GitHub Repository Structure

The companion GitHub repository (wazuh-sca-policies) must follow this layout for the API to function correctly:

wazuh-sca-policies/
├── index.json                    ← Machine-readable manifest (required)
├── README.md
└── policies/
    ├── apache/
    │   ├── cis_apache_24_rpm.yml
    │   └── cis_apache_24_deb.yml
    ├── mysql/
    │   ├── cis_mysql_80_rpm.yml
    │   ├── cis_mysql_80_deb.yml
    │   └── cis_mysql_80_win.yml
    ├── iis/
    │   └── cis_iis_10_win.yml
    ├── nginx/
    │   ├── cis_nginx_1_rpm.yml
    │   └── cis_nginx_1_deb.yml
    └── mssql/
        └── cis_mssql_2019_win.yml

File Naming Convention

Every YAML file follows the pattern:

{cis}_{application}_{version}_{platform}.yml

Examples:

  • cis_apache_24_rpm.yml — Apache 2.4, RPM-based Linux
  • cis_mysql_80_win.yml — MySQL 8.0, Windows
  • cis_iis_10_win.yml — IIS 10, Windows

The index.json Manifest

The index.json file at the repo root is the critical piece that powers the API's filtering capability.
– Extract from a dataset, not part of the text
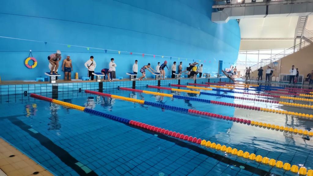 学生游泳比赛。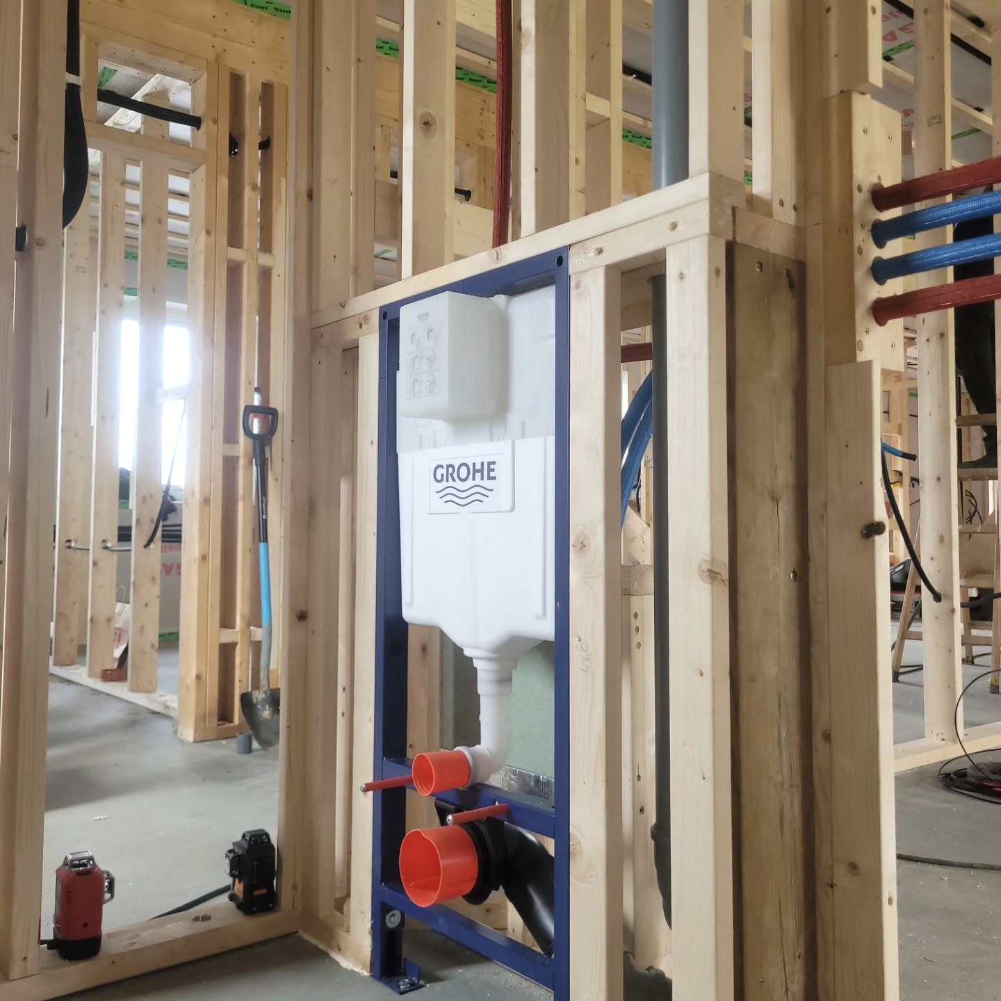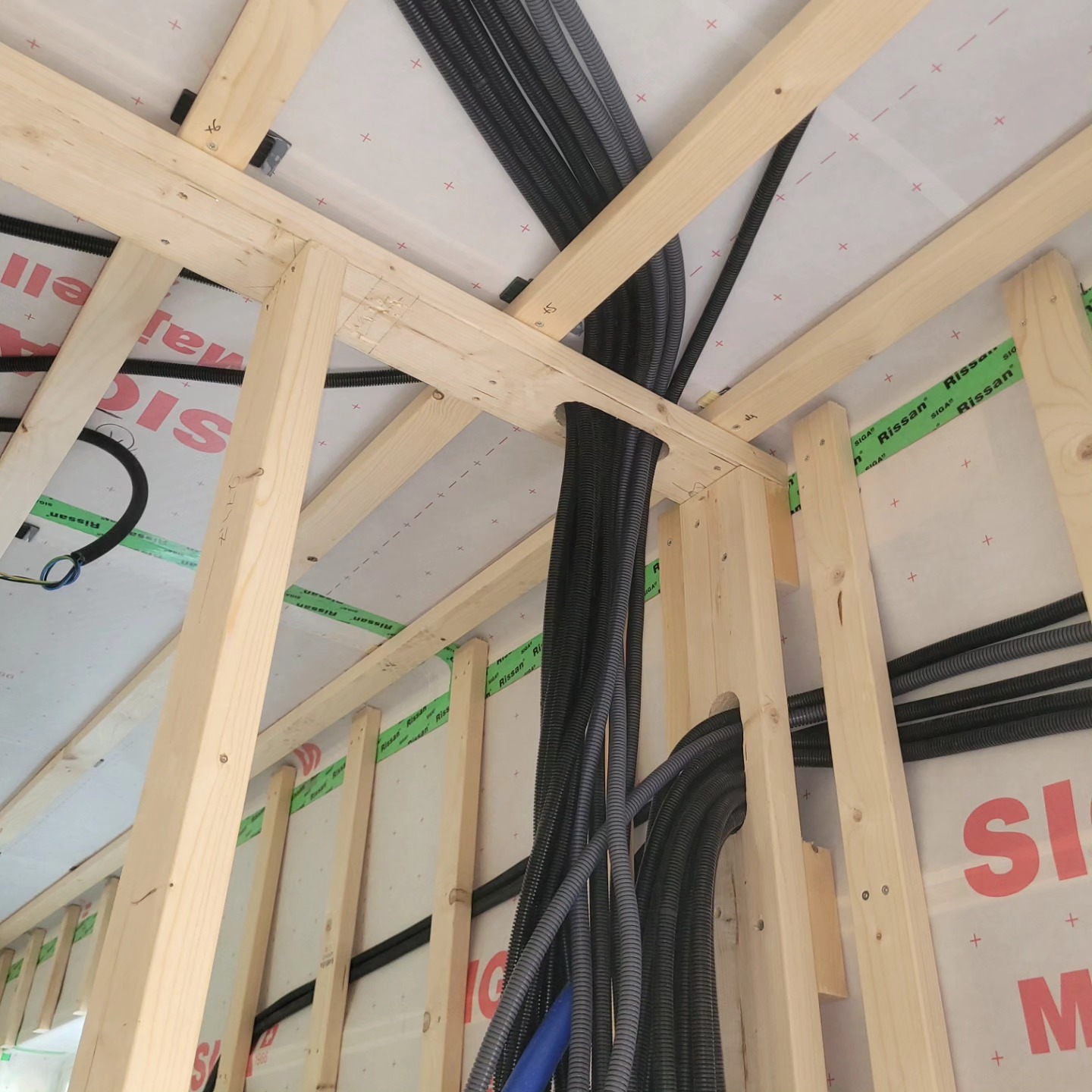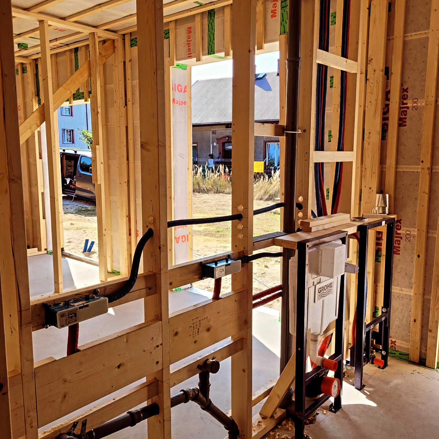 Po montażu ścianek działowych nasza ekipa „ucieka” na elewację budynku, a do akcji wkraczają największe szkodniki – instalatorzy 😊 Wkraczają psuć to, co my zbudowaliśmy – czyli ciąć, wiercić, dziurawić i bałaganić. Sęk w tym, żeby wiedzieli na co mogą sobie pozwolić i mieli doświadczenie przy domach szkieletowych.

The API fetches this file once (then caches it) to avoid traversing the repo tree on every request.

Example index.json:

{
  "version": "1.0.0",
  "last_updated": "2026-03-06",
  "policies": [
    {
      "id": "cis_apache_24_rpm",
      "name": "CIS Apache HTTP Server 2.4 - RPM",
      "description": "CIS Benchmark for Apache 2.4 on RPM-based Linux",
      "file": "policies/apache/cis_apache_24_rpm.yml",
      "application": "apache",
      "app_version": "2.4",
      "platform": "linux-rpm",
      "cis_version": "1.5.0"
    }
  ]
}

Note: The file field is a relative path from the repo root. The API constructs the full raw GitHub URL at runtime using GITHUB_OWNER, GITHUB_REPO, and GITHUB_BRANCH.

Supported Platform Values

Platform platform value Example Distros / OS
Linux RPM-based linux-rpm RHEL, CentOS, Rocky Linux, AlmaLinux, Fedora
Linux Debian-based linux-deb Ubuntu, Debian, Linux Mint
Windows windows Windows Server 2016/2019/2022, Windows 10/11
macOS macos macOS 12 Monterey, 13 Ventura, 14 Sonoma

Project Structure

sca-api/
├── app/
│   ├── main.py
│   ├── core/
│   │   └── config.py
│   ├── models/
│   │   └── policy.py
│   ├── services/
│   │   ├── github.py
│   │   ├── cache.py
│   │   └── policy.py
│   └── routers/
│       └── policies.py
├── requirements.txt
└── .env.example

Module Responsibilities

File Responsibility
main.py FastAPI app factory + router registration
core/config.py pydantic-settings — reads .env, exposes typed Settings object
models/policy.py PolicySummary, PolicyDetail, PolicyIndex, Platform enum (Pydantic v2)
services/github.py Raw HTTP calls to GitHub — builds raw URLs, fetches index.json and YAML files
services/cache.py Async-safe TTL in-memory cache with lock to prevent thundering herd
services/policy.py Business logic — cache coordination, filtering, per-policy fetch
routers/policies.py 3 HTTP endpoints wired to the service layer

Getting Started

Prerequisites

  • Python 3.11 or later
  • pip
  • A GitHub repository structured as described above
  • (Optional) A GitHub Personal Access Token

Installation

  1. Clone this repository:
git clone https://github.com/your-org/sca-api.git
cd sca-api
  1. Create and activate a virtual environment:
python -m venv .venv
source .venv/bin/activate        # Linux / macOS
.venv\Scripts\activate           # Windows
  1. Install dependencies:
pip install -r requirements.txt
  1. Copy the example env file and fill in your values:
cp .env.example .env

Configuration

All configuration is managed through environment variables, loaded from a .env file via pydantic-settings.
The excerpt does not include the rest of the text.